** Records provided follows **
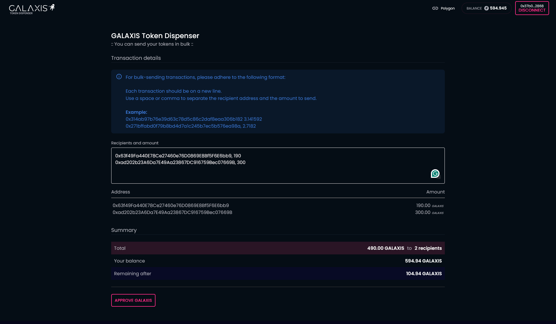 If you own GALAXIS Tokens that you wish to send as a reward or make a gift, you can accomplish these with the help of this tool regardless of being a community owner, community member or just a Galaxis fan.
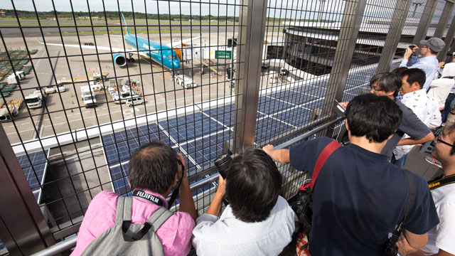 成田空港の展望デッキには、商業飛行では初飛来とあって、多くの航空ファンが詰めかけた。
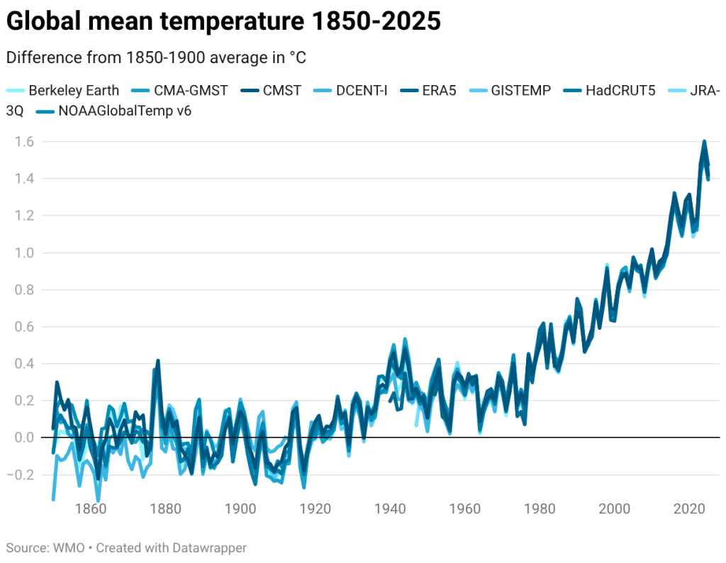ကုန်းမြေထုနှင့်သမုဒ္ဒရာရေထု နှစ်ခုလုံး၏ အပူချိန်များကို တိုင်းတာနိုင်ခဲ့သည့် ၁၇၆ နှစ်ကာလအတွင်း လွန်ခဲ့သောသုံးနှစ်သည် အပူပြင်းဆုံးနှစ်များ ဖြစ်ကြသည်။ တိုင်းတာသောဌာနပေါ်မူတည်ပြီး ၂၀၂၅ ခုနှစ်သည် ဒုတိယ သို့မဟုတ် တတိယအပူဆုံးနှစ် ဖြစ်သည်။ ၂၀၂၄ ခုနှစ်သည် အပူဆုံးနှစ် ဖြစ်ခဲ့သော်လည်း လာနီညာအခြေအနေကြောင့် ၂၀၂၅ ခုနှစ်တွင် အပူလျော့ခဲ့သည်။
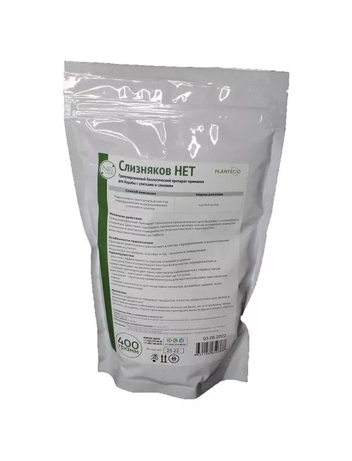 Слизняков НЕТ – гранулированный биологический молюскоцидный препарат-приманка желудочно-контактного действия для борьбы с улитками и слизнями. Для использования на приусадебных участках, спортивных зонах, в производственных, санитарно-бытовых, хозяйственных постройках (помещениях) и других объектах, в местах массового отдыха, в подвалах, подсобных помещениях и в местах расположения пожарных емкостей и мусорных контейнеров, во всех местах развития и размножения моллюсков. Препарат широко применяется для защиты овощных и плодово-ягодных культур от различных видов слизней и улиток. Действие препарата проявляется вскоре после поедания гранул слизнями и контакта поверхности тела моллюсков с препаратом, впоследствии вызывает их гибель.
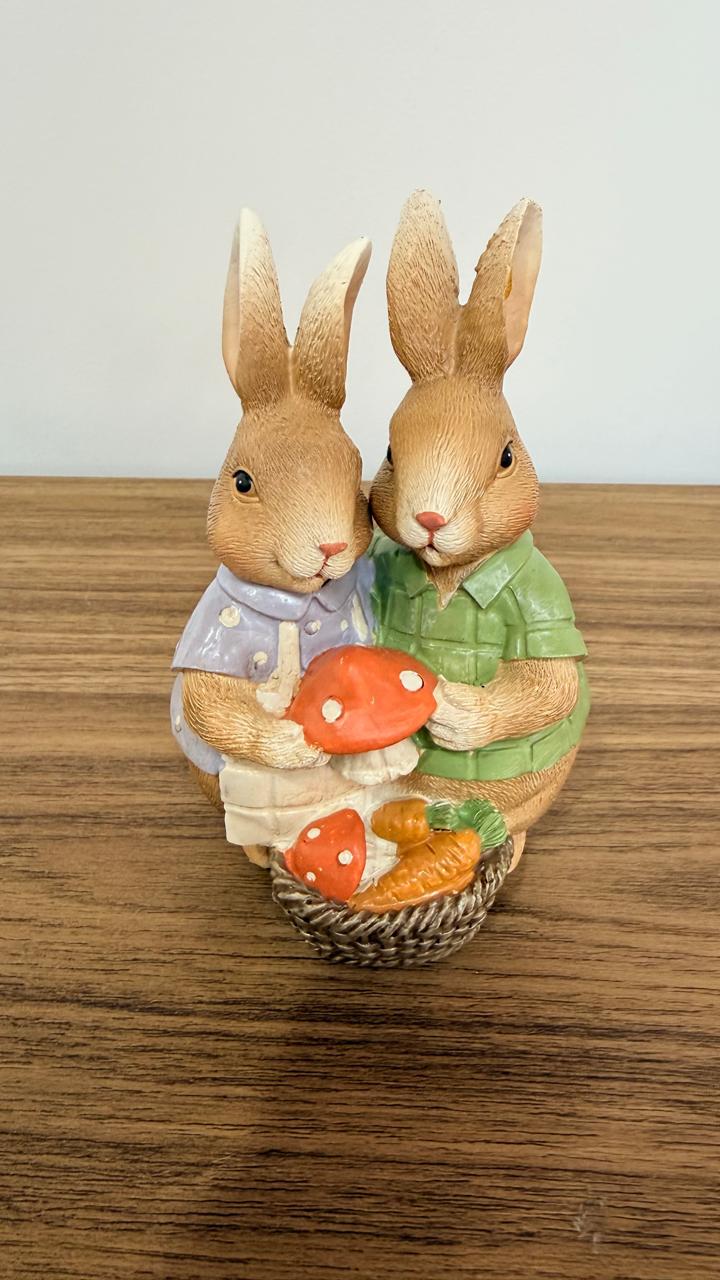 Casal de coelhos com cogumelo de resina com 14cm de altura.
** End of Records provided **
**Try it:** Leave out the pictures and print every line of the data exactly.

**Task result:**
 If you own GALAXIS Tokens that you wish to send as a reward or make a gift, you can accomplish these with the help of this tool regardless of being a community owner, community member or just a Galaxis fan.
 成田空港の展望デッキには、商業飛行では初飛来とあって、多くの航空ファンが詰めかけた。
ကုန်းမြေထုနှင့်သမုဒ္ဒရာရေထု နှစ်ခုလုံး၏ အပူချိန်များကို တိုင်းတာနိုင်ခဲ့သည့် ၁၇၆ နှစ်ကာလအတွင်း လွန်ခဲ့သောသုံးနှစ်သည် အပူပြင်းဆုံးနှစ်များ ဖြစ်ကြသည်။ တိုင်းတာသောဌာနပေါ်မူတည်ပြီး ၂၀၂၅ ခုနှစ်သည် ဒုတိယ သို့မဟုတ် တတိယအပူဆုံးနှစ် ဖြစ်သည်။ ၂၀၂၄ ခုနှစ်သည် အပူဆုံးနှစ် ဖြစ်ခဲ့သော်လည်း လာနီညာအခြေအနေကြောင့် ၂၀၂၅ ခုနှစ်တွင် အပူလျော့ခဲ့သည်။
 Слизняков НЕТ – гранулированный биологический молюскоцидный препарат-приманка желудочно-контактного действия для борьбы с улитками и слизнями. Для использования на приусадебных участках, спортивных зонах, в производственных, санитарно-бытовых, хозяйственных постройках (помещениях) и других объектах, в местах массового отдыха, в подвалах, подсобных помещениях и в местах расположения пожарных емкостей и мусорных контейнеров, во всех местах развития и размножения моллюсков. Препарат широко применяется для защиты овощных и плодово-ягодных культур от различных видов слизней и улиток. Действие препарата проявляется вскоре после поедания гранул слизнями и контакта поверхности тела моллюсков с препаратом, впоследствии вызывает их гибель.
 Casal de coelhos com cogumelo de resina com 14cm de altura.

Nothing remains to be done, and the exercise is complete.